20 April 2005

Lecture 40

Reading, Chapter 13 -16 and 19

A. Prokaryotes (and viruses)

4. Human pathogens

b. Viral diseases

Therapies for HIV infection

Antiviral drugs

Most antibiotics don't work against viral infections because the virus is using your cells to multiply. Most drugs that would stop this would kill your cells too. A few drugs specifically inhibit viral proteins and slow or stop viral growth. For HIV, two drugs are in common use. AZT inhibits the reverse transcriptase that copies the viral RNA into DNA that can integrate into the host cell chromosome. Protease inhibitors inhibit the viral protease that is needed to cut HIV proteins to the proper length for assembly into new viruses.

Antiviral drugs are used in combination to treat HIV infection. This delays the evolution of drug resistance in the HIV of the infection. HIV evolves rapidly. The reverse transcriptase that copies viral RNA genes into DNA makes a lot of errors. This leads to small changes in HIV proteins such that anti-viral drugs don't work for very long. Within an infected individual, HIV strains with AZT-resistant reverse transcriptases and inhibitor-resistant proteases appear after a time. The resistant versions of the two proteins are unchanged enough that they can still do their normal jobs but changed enough that AZT and protease inhibitors no longer bind to them. Combining both AZT and protease inhibitors slows the appearance of resistance, since the chances of random mutations conferring resistance to two different drugs at once are small.

Vaccines

Vaccines work well against many viruses but an effective HIV vaccine has not yet been developed. There are several reasons for this, including the following:

1. Vaccines work by stimulating the immune system to recognize and attack a specific invader. HIV specifically attacks the immune system and suppresses its activity. By its nature, HIV renders any vaccine less effective.

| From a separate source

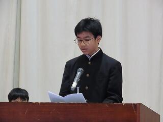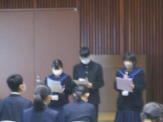 〇第3学期始業式を行いました。各学年の代表生徒が、「生活習慣を規則正しくして、学習の充実を図る」「忘れ物をせず、休み時間の過ごし方を考え、早寝早起き、学習の充実を行う」「切り替えを早くし、思い出をたくさん作り、受験に向けて頑張りたい」という内容を発表してくれました。3学期に向けての素晴らしい内容でした。校歌斉唱も大きな声でしっかりと歌っていました。

2. HIV evolves rapidly. The reverse transcriptase that copies viral RNA genes into DNA makes a lot of errors. This leads to small changes in HIV proteins such that they are no longer recognized by a vaccinated immune system.

3. While latent, the virus is relatively inaccessible to the immune system.

HIV immunity

A very few people appear to be immune to HIV infection. They have been exposed to HIV many times but never infected. These people have a mutation in the gene that codes for the HIV receptor protein on their T cells. The changes in this protein caused by the mutation prevent HIV from recognizing their T cells and infection does not occur.

 

B. Eukaryotes

The eukaryotes are believed to have arisen from endosymbioses of prokaryotes over a billion years ago. A diagram illustrating the necessary endosymbioses are shown on pages 288 and 319 of your text. The eukaryotes are divided into four kingdoms.

1. Kingdom Protista

The protistans are a very diverse group of organisms. Many are single cells. Others have many cells and can be quite large. Those that are single cells are amazing in that their cells can perform all the functions needed for life: acquiring food, producing all the biomolecules that they need from it, sensing their environment and responding to it. In contrast, no one of your cells can do all of these things.

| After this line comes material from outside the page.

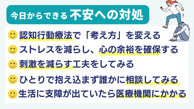 強い不安が長く続いたり、仕事や生活に影響がある場合、たとえば、

The protistans are eukaryotes. They have nuclei and mitochondria. Some have chloroplasts. They are thought to be comparable to the first eukaryotic cells, which resulted from endosymbiosis of mitochondria and choloroplasts. Those that have mitochondria are thought to be similar to the ancestors of animals and fungi, both of which lack chloroplasts. Those that have both mitochondria and chloroplasts are thought to be similar to the ancestors of plants.

We will divide the protistans into two general groups based on whether they are photosynthetic or not.

a. Heterotrophs

These are organisms that get their food from other living things by eating them or absorbing the biomolecules released as their bodies decay. You are a heterotroph. Heterotrophic protistans include the following:

Amoebas - Large blob-like single cells that ooze about engulfing bits of debris and other organisms for food.

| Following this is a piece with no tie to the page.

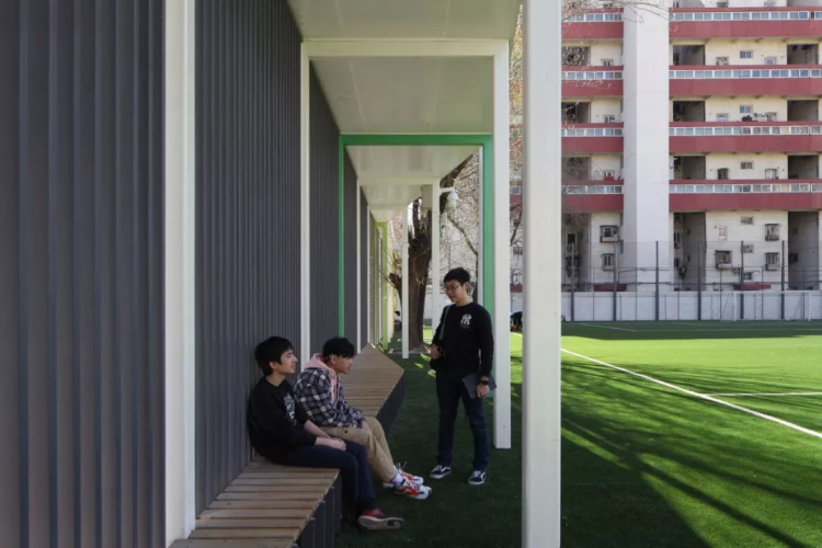 在朝阳未来学校的校园边缘,我们没有建起围墙,取而代之的是一段内置了屋顶和座椅、并最大程度增加了通透性的“游廊围栏”。不仅为校园内部人群提供了非正式社交空间,也强化着校区与社区的联系,鼓励学生接触真实世界。

Paramecium - A cigar-shaped single cell that is covered with small hairs by which it swims.

slime molds - Smears of protoplasm that move across the soil and absorb biomolecules from it. They are often found as small shiny patches on decaying logs.

Parasites - Protistan parasites of humans include the malaria parasite, the Giardia parasite, and the parasite that causes sleeping sickness.

The heterotrophic protistans are sometimes called "protozoa", meaning "first animals". It is thought that the ancestor of Kingdom Animalia was similar to a modern heterotrophic protistan.

b. "Autotrophs"

These are organisms that have chloroplasts and are photosynthetic. They make sugars and other biomolecules from carbon dioxide using sunlight. Thus they are "autotrophs", meaning "self-feeders". Autotrophic protistans and include the following:

Phytoplankton - This word means tiny floating plants. They are algae that are single cells or a few cells. They are found suspended in lakes, ponds, and oceans. Two of these are of note. Diatoms have shells made of a glass-like material that can be quite beautiful. Diatoms in the ocean perform roughly a third of the world's photosynthesis and thus produce a third of the oxygen we breathe. Dinoflagellates are small swimming cells. About half of the different kinds of dinoflagellates have chloroplasts and are autotrophs. The other half are heterotrophs. Dinoflagellates cause "red tides". These are population explosions of dinoflagellates in enclosed bays that can kill fish and make clams and mussels toxic to eat.

Seaweeds - These are the large algae you see at the seashore. Some seaweeds, such as the giant kelps, can be hundreds of feet in length and form underwater forests. They are still protists, though.

The autotrophic protistans are also known as the "algae". Algae perform roughly half of the Earth's photosynthesis and thus make a big contribution to all iving things.

A further distnction of the algae is that the ancestor of land plants is thought to have been a member of the green algae, based on similar biochemistry and gene sequences.

2. Kingdom Fungi

The fungi include molds, yeasts, and mushrooms. They have the following general characteristics:

1) Fungi are composed of eukaryotic cells. The yeasts are mostly single cells. Molds and mushrooms are usually multicellular.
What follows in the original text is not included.